Pictures aside, copy exactly each line from the one that holds "MINISO Hello Kitty" through the last line of the records below.

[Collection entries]
=====

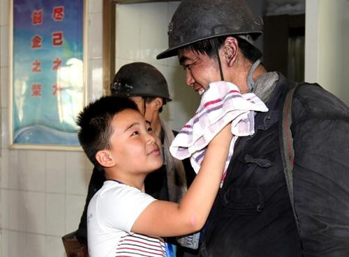叔叔、伯伯辛苦了!孩子们稚嫩的祝福声和要为矿工擦汗的举动,瞬间在刚刚升井的矿中形成一道动人的风景。
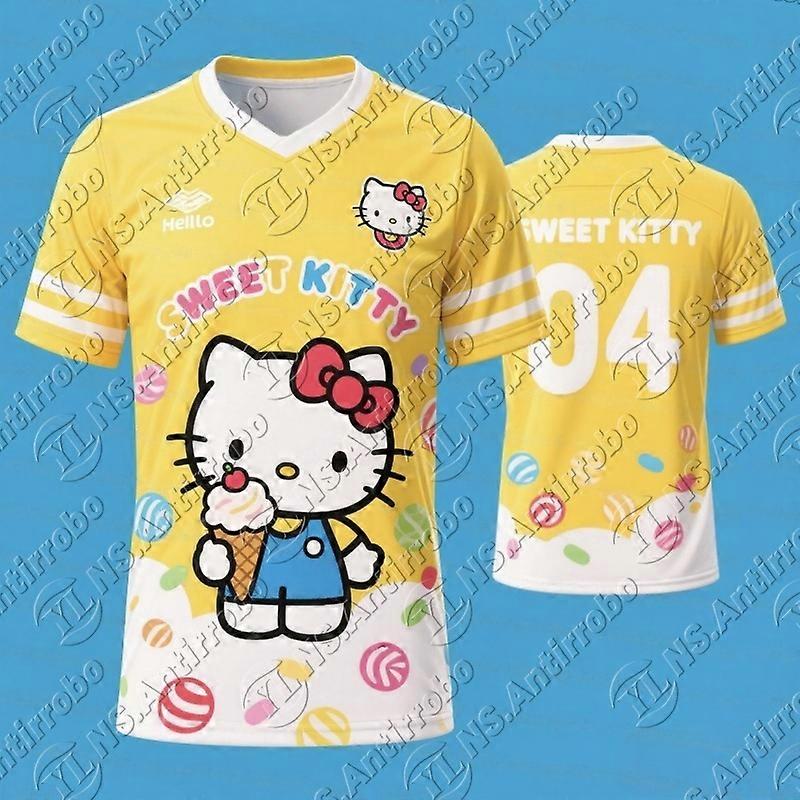 MINISO Hello Kitty dessin anim�� Anime �� manches courtes hommes et femmes Sports de plein air t-shirt style d��contract�� enfants et adultes im
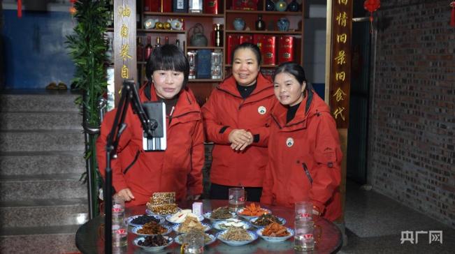 譚新萍和“巾幗直播團”直播帶貨(央廣網(wǎng)記者 胡斐 攝)
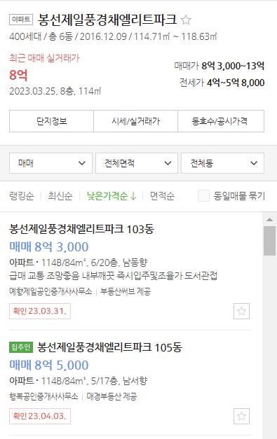 아마도 이게 가장 문제겠죠? 비교대상 아파트를 잡기가 애매했는데요. 저는 인근 10년 차가 넘지 않은 제일풍경채 및 인근 길 건너 주월동의 봉선로 남해오네뜨와 비교하겠습니다. 봉선동 학원가 및 문성 중고등학교 바로 앞에 있는 제일풍경채와 이편한세상 봉선 셀레스티지가 비교대상이 되겠느냐 생각하시는 분들도 계실 것 같은데요. 일단 상단을 제일풍경채로 놓고, 남해오네뜨를 하단으로 놓은 후, 그 중간 정도로 시세를 보면 대략적인 적정가가 나오지 않을까 생각해 봅니다.
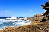 Brandung an den Klippen von Ile aux Fouquets eine kleine, unbewohnte Felseninsel die in der Grand Port Bay vor der Südostküste der Hauptinsel Mauritius liegt.
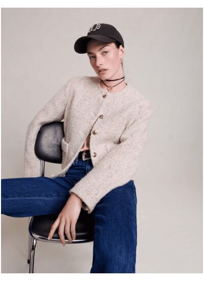 De quels matériaux est-elle composée ? Cette veste Maje est conçue avec des matériaux de qualité, garantissant confort et durabilité, parfaits pour un usage quotidien ou des occasions plus habillées.
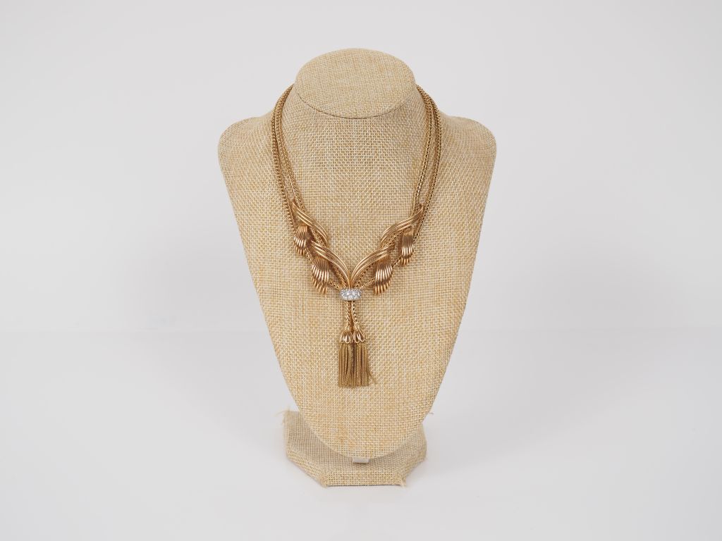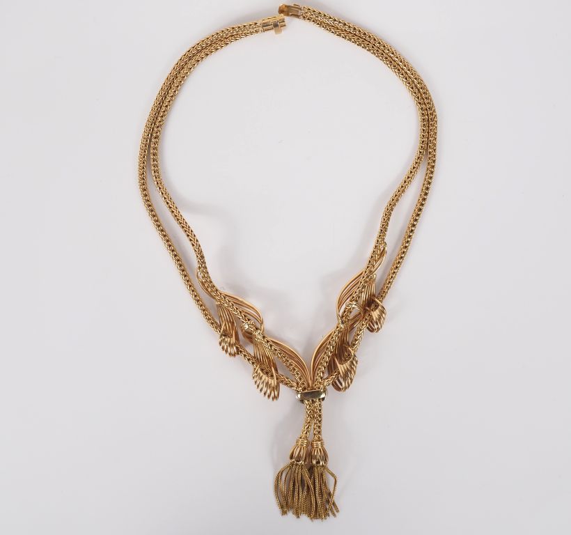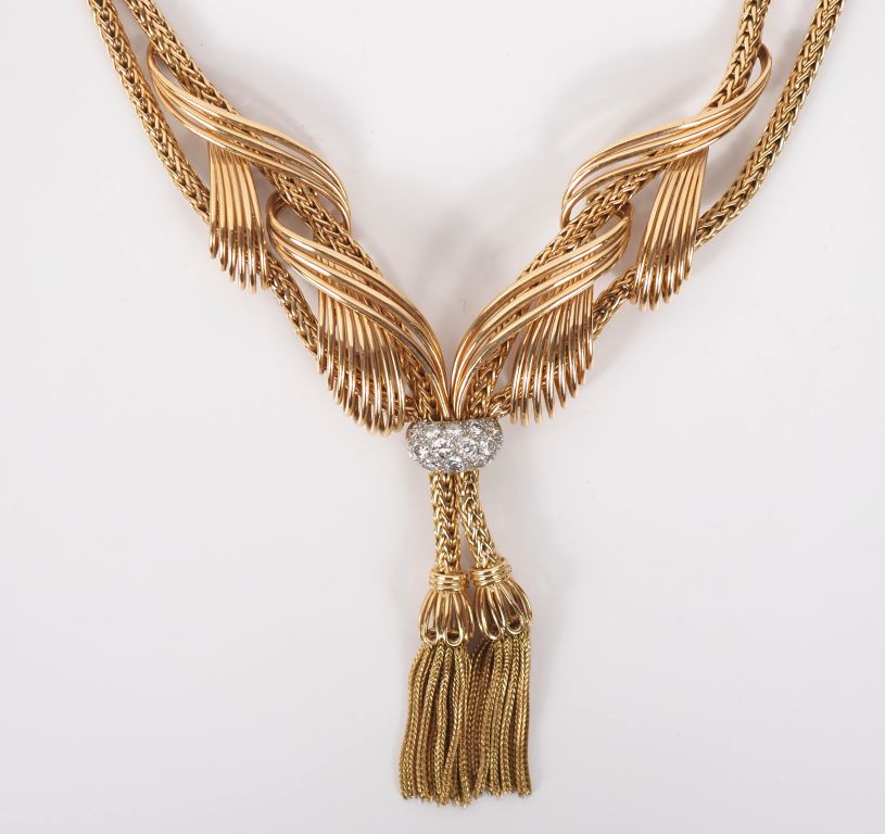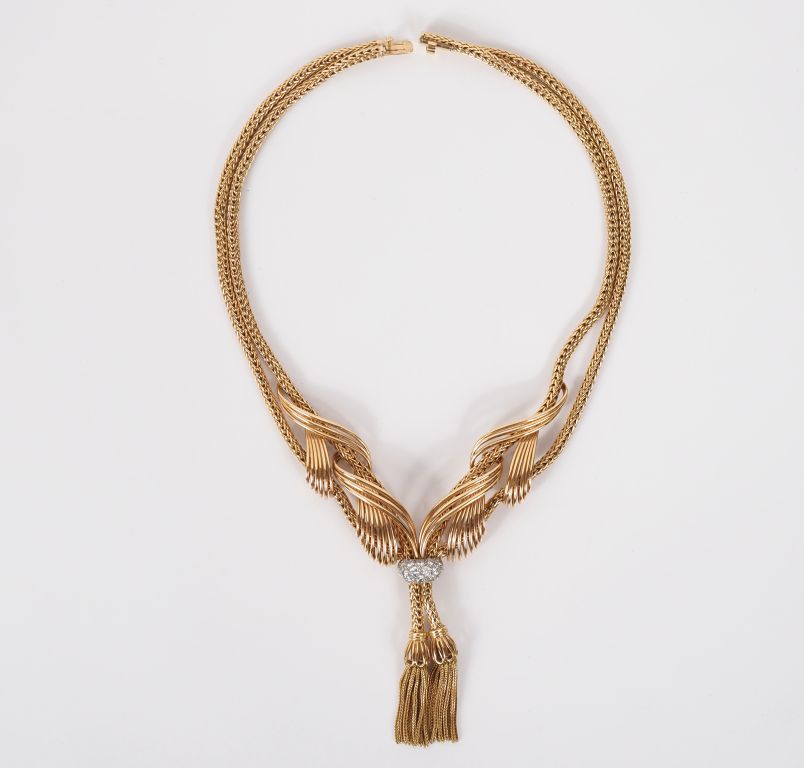 Collier draperie en platine et or jaune 750. Double brins, maille ronde tressée, agrémentés de motifs d'entrelacs ajourés et d'un anneau serti de petits diamants, se terminant par deux pompons en pendeloque. Long. 32 cm Poids tel. 92,30 g

=====

◆ **YOUR SOLUTION**:
 MINISO Hello Kitty dessin anim�� Anime �� manches courtes hommes et femmes Sports de plein air t-shirt style d��contract�� enfants et adultes im
 譚新萍和“巾幗直播團”直播帶貨(央廣網(wǎng)記者 胡斐 攝)
 아마도 이게 가장 문제겠죠? 비교대상 아파트를 잡기가 애매했는데요. 저는 인근 10년 차가 넘지 않은 제일풍경채 및 인근 길 건너 주월동의 봉선로 남해오네뜨와 비교하겠습니다. 봉선동 학원가 및 문성 중고등학교 바로 앞에 있는 제일풍경채와 이편한세상 봉선 셀레스티지가 비교대상이 되겠느냐 생각하시는 분들도 계실 것 같은데요. 일단 상단을 제일풍경채로 놓고, 남해오네뜨를 하단으로 놓은 후, 그 중간 정도로 시세를 보면 대략적인 적정가가 나오지 않을까 생각해 봅니다.
 Brandung an den Klippen von Ile aux Fouquets eine kleine, unbewohnte Felseninsel die in der Grand Port Bay vor der Südostküste der Hauptinsel Mauritius liegt.
 De quels matériaux est-elle composée ? Cette veste Maje est conçue avec des matériaux de qualité, garantissant confort et durabilité, parfaits pour un usage quotidien ou des occasions plus habillées.
 Collier draperie en platine et or jaune 750. Double brins, maille ronde tressée, agrémentés de motifs d'entrelacs ajourés et d'un anneau serti de petits diamants, se terminant par deux pompons en pendeloque. Long. 32 cm Poids tel. 92,30 g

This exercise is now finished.